Humidity Fluctuation Beyond the Manufacture’s Acceptable Range in a Clinical Mass Spectrometry Laboratory Yuzi Zheng (Presenter) Cleveland Clinic Presenter Bio: I completed my PhD at the Centre for High-Throughput Biology at University of British Columbia (UBC), Canada, specializing in qualitative and quantitative proteomics. After my PhD, I was a postdoctoral research fellow in the Department of Pathology and Laboratory Medicine at UBC working in the clinical chemistry laboratory at St. Paul’s Hospital with research focused on translating biomarker research findings into quantitative mass spectrometry protein assays. Currently, I am a clinical chemistry fellow at Cleveland Clinic involved in development and validation of mass spectrometry assays for patient care.

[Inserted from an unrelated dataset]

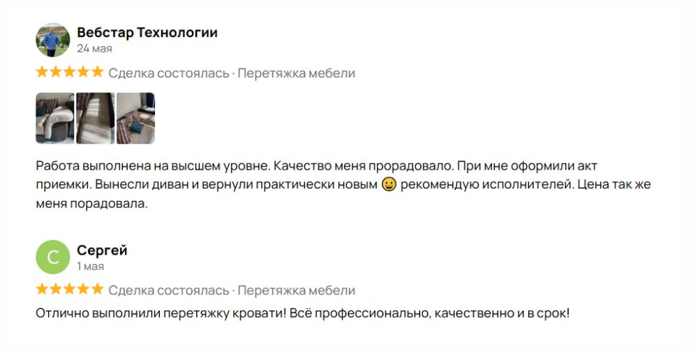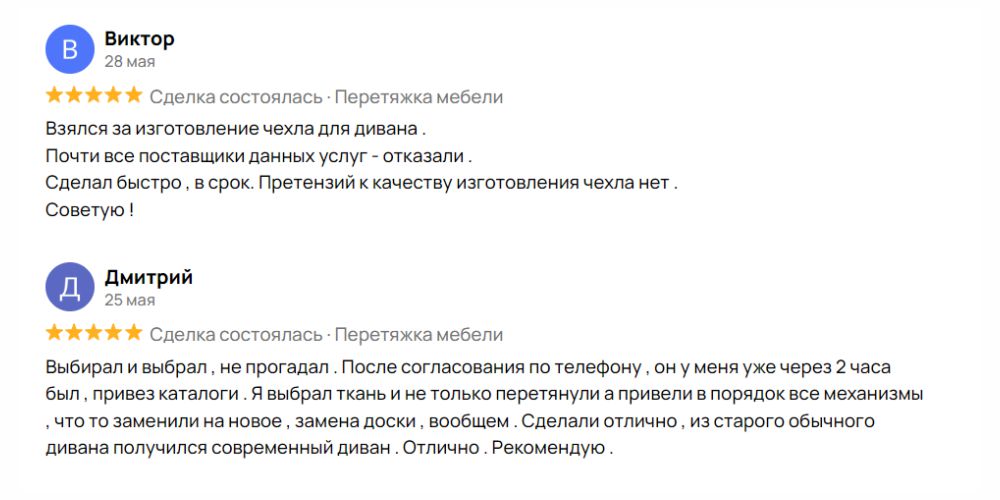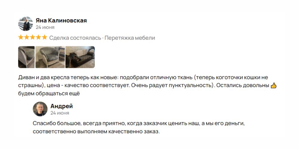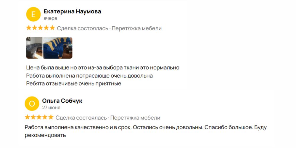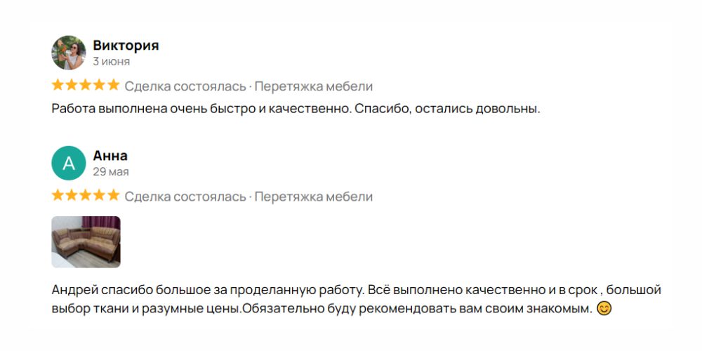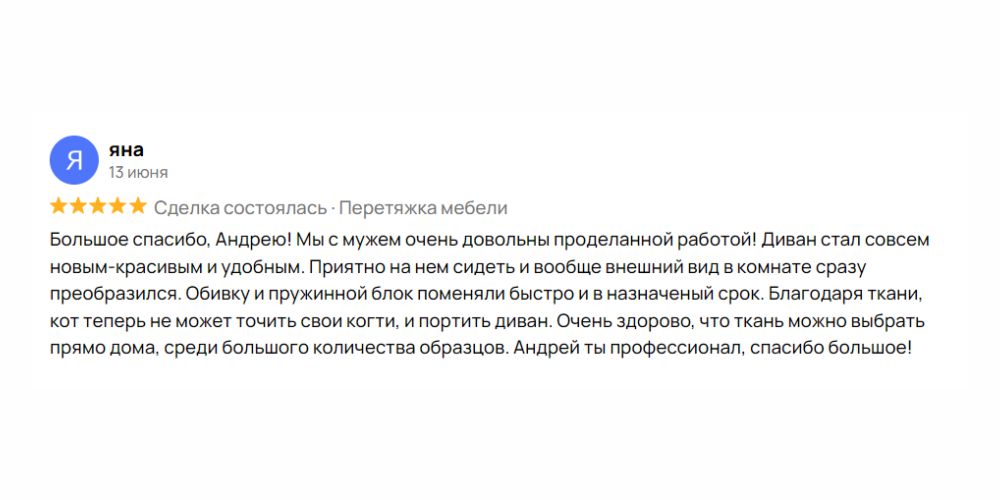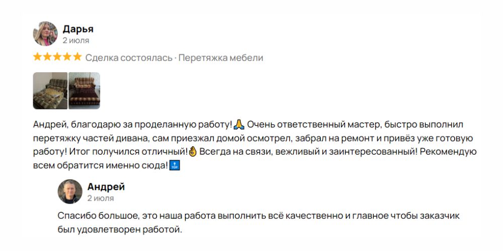 Обратившись к нам, вы всегда будете знать точную дату окончания обивочных работ, выполняем свою работу качественно и

Authors: Yuzi (Emma) Zheng (1), Philip Hunek (1), Mitchell McCale (1), Sihe Wang (1, 2) and Adam J. McShane (1)
(1) Cleveland Clinic, Cleveland, OH (2) Akron Children's Hospital, OH

The relative humidity fluctuates greatly in our clinical mass spectrometry laboratory. The lower relative humidity levels are below the manufacturer’s acceptance range of 40% to 70%. To determine the effect of humidity on test results and potentially establish a wider acceptable relative humidity range, the performance of quality control (QC) versus relative humidity was monitored. The QC results were from a urine pain management panel analyzed on liquid chromatography tandem mass spectrometry (LC-MS/MS) platforms. The gathered results had corresponding relative humidity readings from 26.4% to 59.6%. The QC results at all relative humidity readings were found to be within the 95% confidence interval of in-acceptance criteria QC analysis. Thus, the humidity range may be extended beyond the manufacture’s acceptable range.

Problem

Relative humidity fluctuates in the clinical mass spectrometry laboratory and will periodically fall outside the manufacture’s acceptable range. The fluctuation is due in large to the climate at our geographic location and insufficient compensation from the air-handling system.

Method Information

• Urine pain management LC-MS/MS panel

• Nineteen analytes analyzed in one method

• Two identical LC-MS/MS platforms

• Relative humidity readings were taken at times corresponding with QC analysis over 17 days, relative humidity range from 26.4% to 59.6%

• QC results for 19 analytes within one LC-MS/MS run were obtained over extreme fluctuations in relative humidity

• Statistical analysis based on the 95% confidence interval was performed

Troubleshooting Steps

Relative humidity was assessed during QC analysis. QC results for 19 analytes, within one LC-MS/MS analysis, were obtained over extreme fluctuations in relative humidity. Statistical analysis was performed to evaluate the effect of relative humidity outside the manufacturer’s acceptable range.

Outcome

QC results were acceptable and within the 95% confidence interval at relative humidity levels below the acceptable range provided by the manufacturer. A similar approach could be applied to evaluate relative humidity levels higher than the acceptable range or to other non-mass spectrometer instruments.